The culmination of these efforts was the award of the U.S. Department of Health and Human Services Biomedical Research and Development Authority Center for Innovation in Advanced Development and Manufacturing. Along with two other national centers, the Texas A&M Center will be responsible for supplying 50 million doses of pandemic influenza vaccine in a national emergency, and responding to known and previously unknown biological threats. The Center is responsible for developing and manufacturing medical countermeasures for the Strategic National Stockpile against all chemical, biological, radiological, and nuclear threats.

In March 2013, GlaxoSmithKline and The Texas A&M University System announced U.S. Department of Health and Human Services approval of the establishment of an influenza-vaccine manufacturing facility as the anchor of the Center for Innovation in Advanced Development and Manufacturing (CIADM) in Bryan-College Station, Texas. The announcement was hosted by Governor Rick Perry where he announced that the projected economic impact of this award to the State of Texas was estimated at $41 billion and included nearly 7,000 long term jobs.[9]

Giroir led the transition of this Center to the Texas A&M Health Science Center upon his appointment as Executive Vice President and CEO of the Health Science Center, and recruited Dr. Gerald Parker (then Deputy Assistant Secretary of Defense for Chemical and Biological Defense) as the new Principal Investigator for the Center.

During Giroir's two-years at the Health Science Center, research funding increased by 25% and federal funding by 65%. He led the development of a new strategic plan, formed a long term partnership with Houston Methodist Hospital, and outlined new expansion plans at the Texas Medical Center.

Health Science and Biosecurity Partners, LLC[edit]

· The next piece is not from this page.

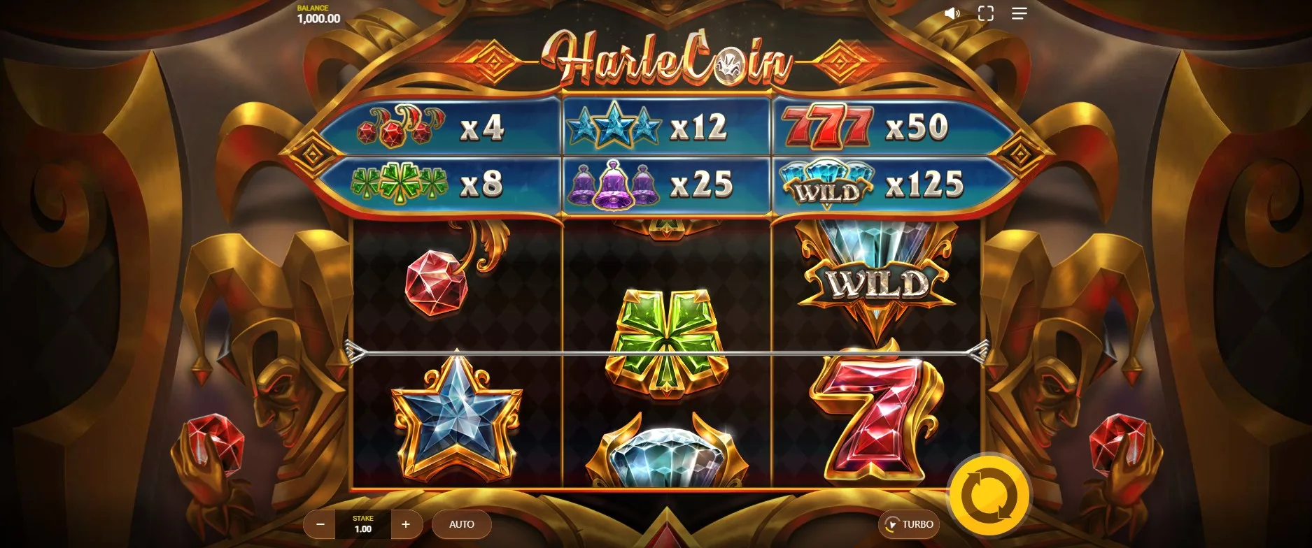 The twist lies in the HarleCoin feature. Coins may land on top of symbols at any time. When they do, they increase the payout value of that symbol type, displayed on the panel above the reels. When you land a winning combination, the value of that symbol at that moment is awarded. After that, the value resets to a new amount ranging between 1x and 30x the bet (or higher when boosted further).

After resigning from Texas A&M, Giroir founded Health Science and Biosecurity Partners, a consulting firm focused on life science innovation, strategy and investments. The firm serves a diverse portfolio of clients including academia, global corporations, the Federal Government, and life science ventures.

Other appointments[edit]

Giroir currently serves on the Scientific Advisory Boards of the Cancer Moonshots Program at MD Anderson Cancer Center, the A. Alfred Taubman Medical Research Institute at the University of Michigan, the Institute for Patient Safety at the University of North Texas Health Science Center, and is a member of the Board of Directors of Esperance Pharmaceuticals and BioHouston. He previously served on the Board of Managers for Kalon Biotherapeutics and NASA's National Space Biomedical Research Institute, the Scientific Advisory Board of the Biodesign Institute at Arizona State University and was a member of the Texas Medical Center Strategic Planning Steering Committee.

He has appeared extensively in the media including CNBC, CNN, Reuters, New York Times, USA Today and BBC World Service Radio.

Awards[edit]

US DoD Outstanding Public Service Award BAR.svg Secretary of Defense Medal for Outstanding Public Service

Texas A&M University System Award for Innovation

Alpha Omega Alpha, University of Texas Southwestern Medical Center

American Heart Association, Lyndon Baines Johnson Research Award

Society for Pediatric Research

Dallas Business Journal, Health Care Hero Award

Society of Critical Care Medicine, "SCCM Annual Scientific Award"

Society of Critical Care Medicine, "Presidential Citation"

Child Magazine, "Ten pediatricians who make a difference"

National High School Debate Champion

National Merit Scholar

John Harvard Scholar

Personal life[edit]

Giroir and his wife, Jill, have two daughters, Jacqueline and Madeline.